• **INFORMATION SHOWN**:

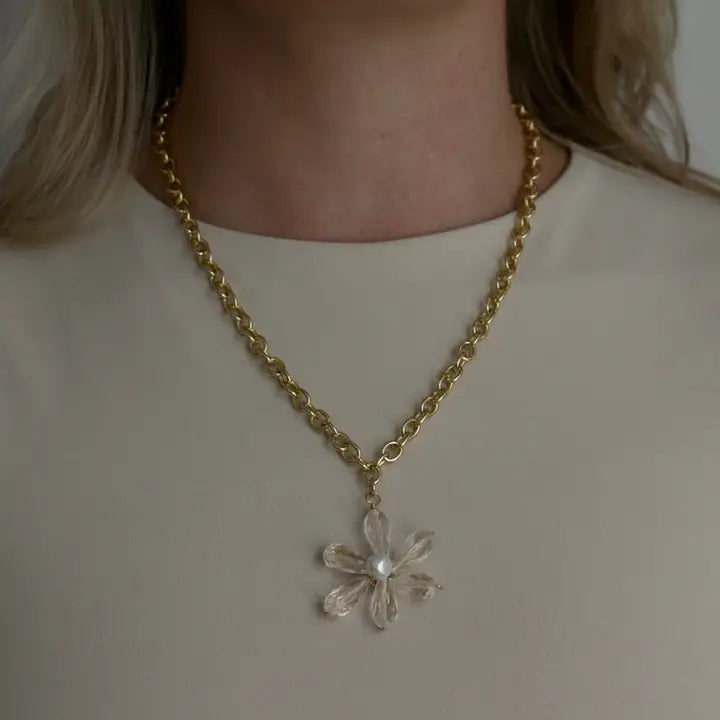 This necklace features a hand-wrapped crystal flower made of beautiful crystal quartz beads with a pearl center. This unique piece is will be a one-of-a-kind treasure you will cherish measures approx19-20 1/2"
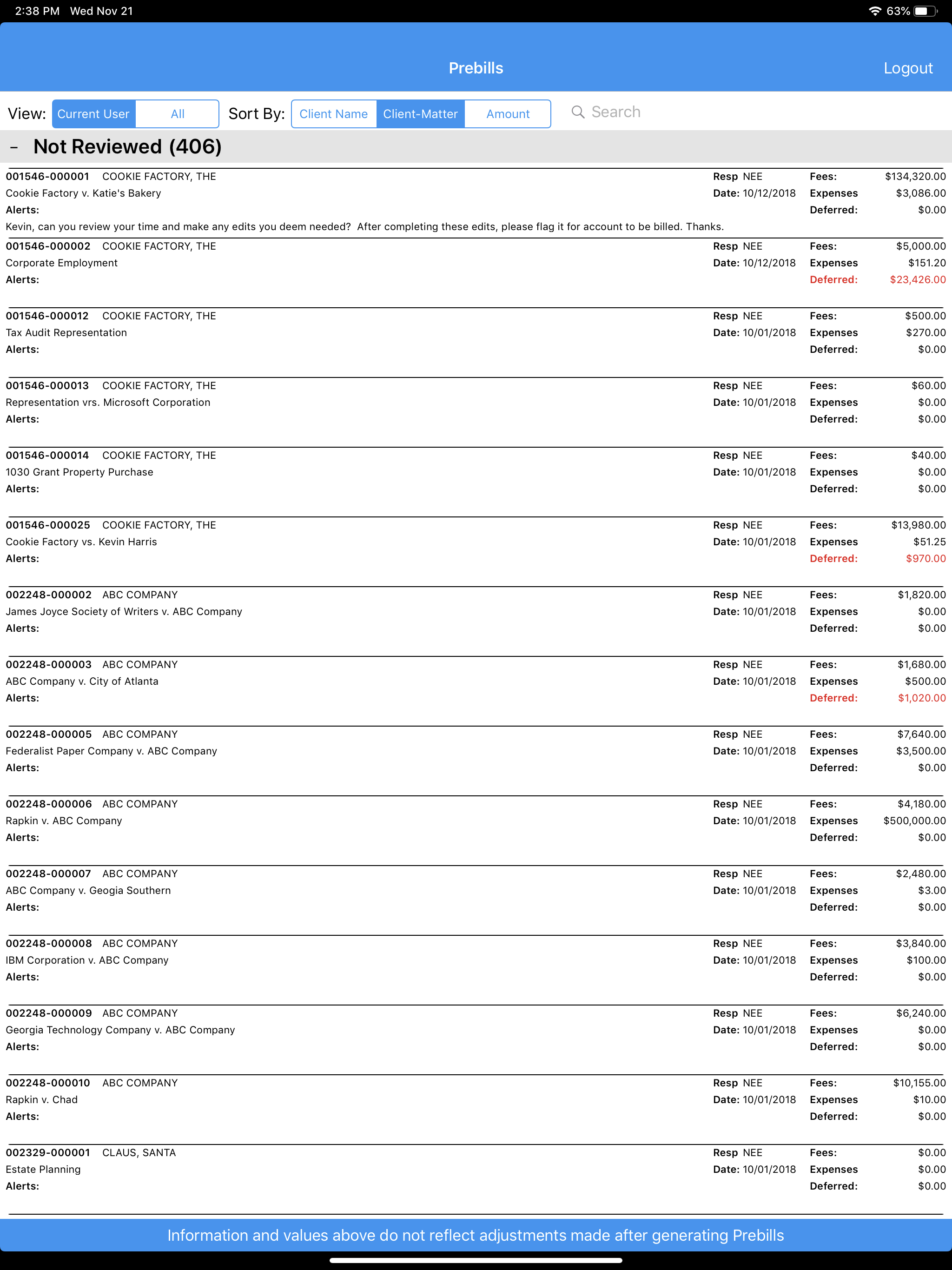 ePrebill Manager is also available in iOrion 5, so attorneys can review prebills while away from their desks.
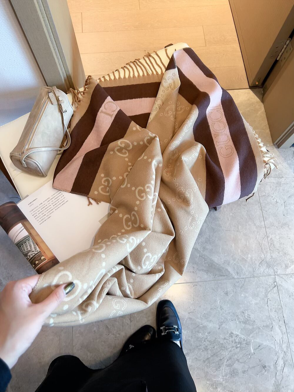 秋冬特惠💰150 古驰围巾 GG提花logo的设计使这款围巾呈现出了非凡的气质,围巾正反两面运用不同配色的对比效果,彰显高贵典雅的气息!此款羊毛围巾采用经典的GG图案,羊毛质感柔滑。围巾颜色抢眼,在带来舒适呵护的同时给整体造型增添亮色。Gucci 万年经典款 GG图案中的经典王 配有流苏饰边的精致双面提花羊毛围巾,饰有品牌标志性的GG图案。规格:65*180cm 羊毛
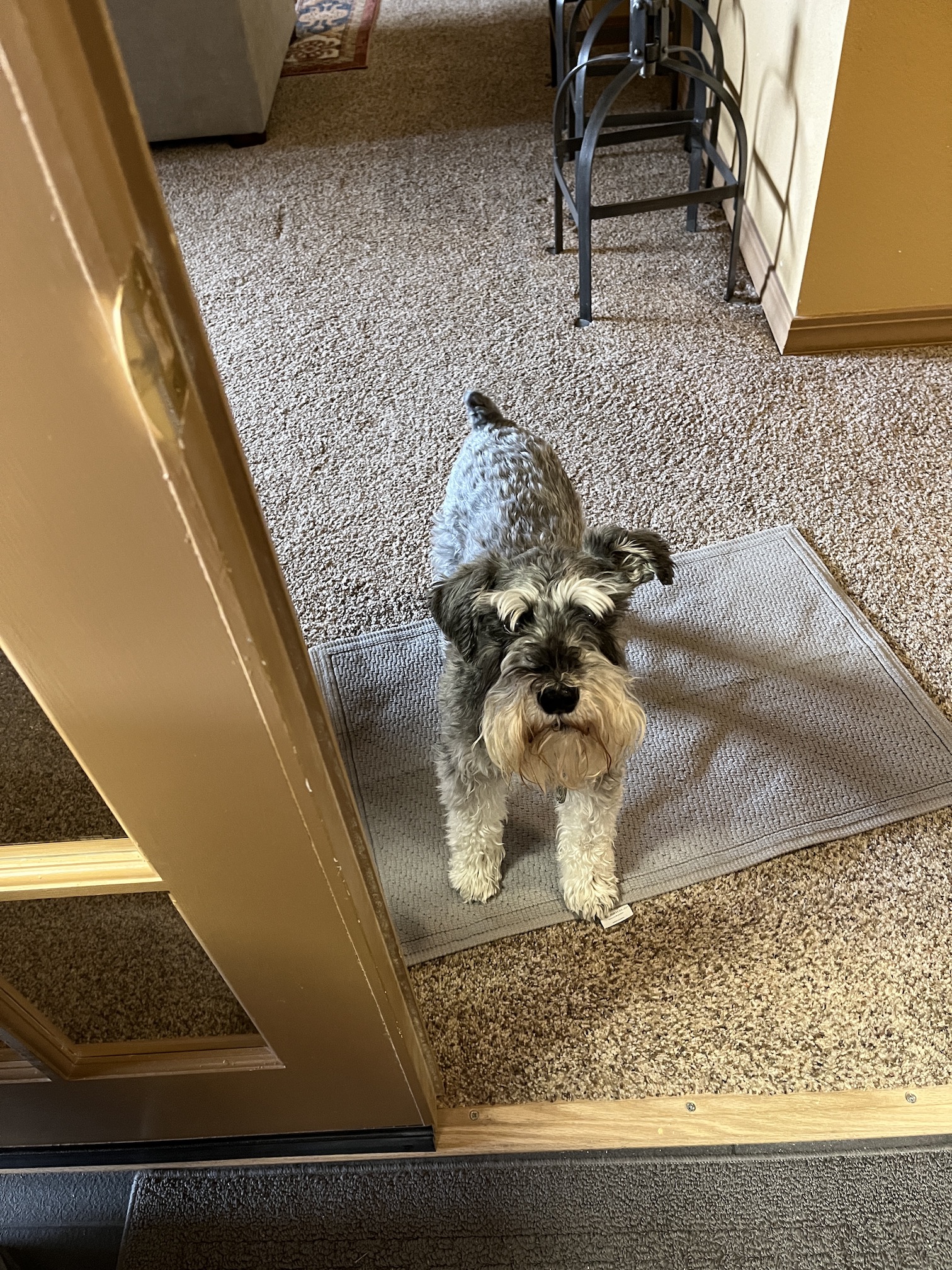 Oh and here is Mike the Miniature Schnauzer peeking into the woodshop (he is never allowed inside the shop as we are worried about wood splinters getting into his paws) to see what his humans are up to!

• **ACTIVITY**: Copy needed, without pictures: the lines of the listing above from the line containing "ePrebill Manager is" up to and including the line containing "GG图案中的经典王 配有流苏饰边的精致双面提花羊毛围巾,饰有品牌标志性的GG图案。规格:65*180cm 羊毛", set down exactly.

• **SOLUTION**:
 ePrebill Manager is also available in iOrion 5, so attorneys can review prebills while away from their desks.
 秋冬特惠💰150 古驰围巾 GG提花logo的设计使这款围巾呈现出了非凡的气质,围巾正反两面运用不同配色的对比效果,彰显高贵典雅的气息!此款羊毛围巾采用经典的GG图案,羊毛质感柔滑。围巾颜色抢眼,在带来舒适呵护的同时给整体造型增添亮色。Gucci 万年经典款 GG图案中的经典王 配有流苏饰边的精致双面提花羊毛围巾,饰有品牌标志性的GG图案。规格:65*180cm 羊毛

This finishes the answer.